Tüketim toplumunda herkesin hak
ve sorumluluğu olarak kabul edilen evrensel güzellik, incelikten ayrılamaz,
hatta güzelliğin kendisini özdeşleştirdiği fotomodel ve mankenlerin görünüşü
sıska ve etsizdir (Baudrillard, Tüketim Toplumu, s.171).
İdeal beden güzellemesi
Batı tüketici kültüründe ve
kapitalist sistemde beden, medya ve popüler kültürün etkisiyle her gün yeniden
biçimlenirken, güzellik endüstrisinin yarattığı ideal beden ölçüsüne sahip ikonlar,
kadınların ilgisini çekmek için etrafta dolaşıyorlar. Yapılan araştırmalar da
kadının istediği bedenin her zaman mevcut olandan daha ince bir beden olduğunu
ortaya çıkarıyor. İşte bu sistem, bugünkü yazının konusu olan ötekileri yani
“obez kadınları” bizzat kendisi yaratıyor.

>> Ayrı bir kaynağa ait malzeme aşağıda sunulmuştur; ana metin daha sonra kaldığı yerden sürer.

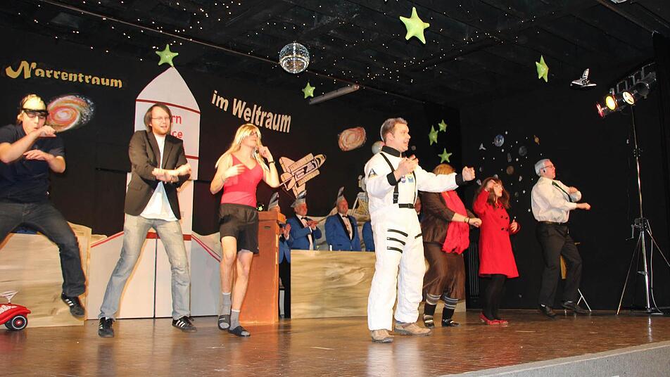 Unendliche Welten erschloss das Raumschiff "Ebi-Prise" bei den bunten Abenden des Eberner Kulturringes am Wochenende. Beim "Narrentraum im Weltraum" wurde der Bürgermeister von der Umlauf- in die Auslaufbahn geschossen, und auch Spitzen auf Nachbarn abgefeuert: "Wir sind nicht hinterm Mond, weil nicht in Rentweinsdorf."

Kendilerini fazla kilolu hisseden
kadınlar, şişmanlıklarının güçsüzlük ve oburluk ifade ettiği kanısını
taşıyorlar çoğunlukla. Dolgun, yuvarlak, tok vb. terimler, şişmanlığın hüsnü
tabirleri gibi görünürler, dolayısıyla olumsuz anlam taşırlar. Kimi hastaları
ölüme kadar götüren çoğunlukla genç kadınların yakalandığı anorexia nervosa
hastalığında, bedenin gerçekte olduğundan çok daha iriymiş gibi algılandığı ve
hastanın önüne geçilemez bir zayıflama tutkusuyla, yemek yemeği reddettiği
gözlenir. Hatta kişinin 30-40 kiloya düşmesine rağmen, aynaya baktığında
kendisini şişman bir kadın gibi gördüğü ve bundan kaygı duyduğu tespit
edilmiştir. (User, Dişillik, Güzellik ve Şiddet Sarmalında Kadın ve Bedeni,
s.135.)
Dünya Sağlık Örgütü (WHO), dünya
çapında bir milyardan fazla yetişkinin aşırı kilolu olduğunu ve bunlardan 300
milyonunun obeziteden mustarif olduğunu bildiriyor.
Damgalama
Olumsuz etiketleme anlamına gelen
"damgalama" sözcüğü hedefteki kişi ya da grubun negatif sıfatlarla
tanımlanması ya da olumsuz önyargılarla, kalıp yargılarla algılanması şeklinde
kavramsallaştırılıyor.
Erving Goffman'a göre damgalama,
damgalanan kişinin adının önüne getirilen etiket nedeniyle daha az değer
verilebilir, daha az istenebilir hale gelmesi ve neredeyse artık insani dışılaştırılıp
nesne haline dönüşmesidir. (Goffman, Erving. Stigma: Notes on the Management of
Spoiled Identity, s.3.)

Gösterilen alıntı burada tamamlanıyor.